Now, you want to consider a few scenarios for possible cars and apartments. How might you compare those scenarios in today’s spreadsheets?

One thing you can do is toggle, by temporarily entering different values into a cell:

Toggling is straightforward because it doesn’t require restructuring the spreadsheet, but it has a key drawback: you only get to see one scenario at a time! This makes it difficult to compare scenarios, and even more difficult to answer questions about all of the scenarios in aggregate, like what is the range of possible values for B7 (a cell whose value is computed by a formula).

Another option is to restructure by adding more columns to the sheet:

Restructuring does let you compare multiple scenarios at the same time, but it has its own drawbacks. It’s more work than toggling, because you need to pause and edit the layout. And it’s easy to run out of space—even in this small example, if you wanted to consider two possible cars and three possible apartments, your spreadsheet would grow rapidly.

Ambsheet: a spreadsheet for comparing scenarios

Neither of the options above is fully satisfying. What if instead you could directly tell the spreadsheet that you’re considering multiple values for the price of the car? In our Ambsheet prototype, you can do just that:

Amb values

The new value of B3, {500,1200}, means either 500 or 1200. We call this an amb value, and it represents one dimension in our possibility space. (Amb is shorthand for “ambiguous”, and is a reference to the nondeterministic evaluator from Abelson and Sussman’s Structure and Interpretation of Computer Programs.)

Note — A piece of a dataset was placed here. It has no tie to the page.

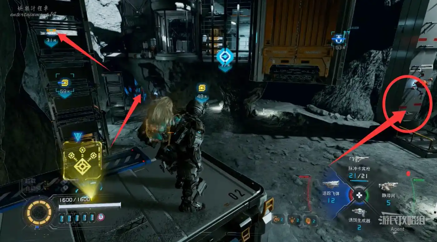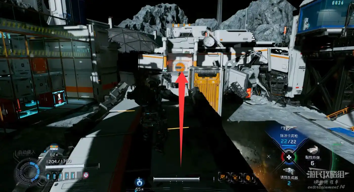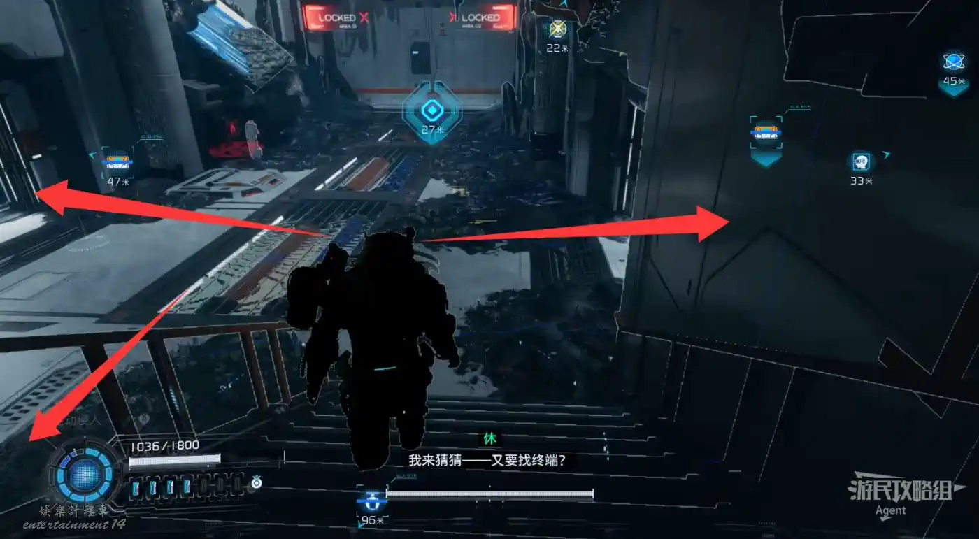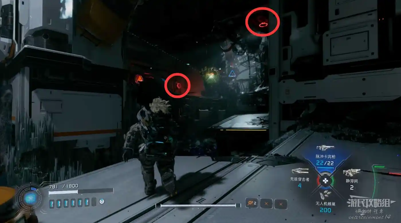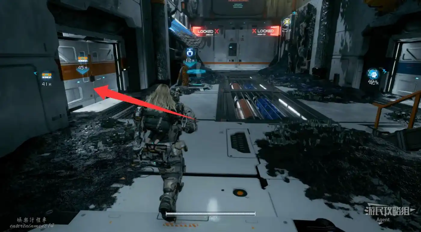 幹掉飛行器後,看到門上有兩個鎖,需要在附近找到兩個紅圈破解。

Amb values flow through the computation just like regular values and don’t require any special treatment in formulas. Cell B7, whose formula is SUM(B3:B5), now evaluates to either $3,318 or $4,018—this is what your total monthly spend will be if you decide to lease the car that costs $500/month or the car that costs $1,200/month, respectively.

If you’re willing to spend up to a total of $5,000 per month, you may also want to consider apartments that are larger and/or in nicer neighborhoods. In our ambsheet, all we have to do is change B4 to an amb value:

Now the total monthly spend (cell B7) has 6 different values, one for each possible scenario:

in the 1^st one, we leased the $500/month car and rented the $2,800/month apartment,
in the 2^nd one, we leased the $500/month car and rented the $3,700/month apartment,
… and so on.

We say this possibility space has two dimensions because there are two different amb values where we are making a choice. We can visualize the possible values of B7 in a 2-dimensional table:

Within each scenario, an ambsheet operates like a normal spreadsheet—the SUM formula only sees “regular” (non-amb) numbers. Behind the scenes, the ambsheet’s evaluator takes care of enumerating all possible scenarios and computing the formulas for each one.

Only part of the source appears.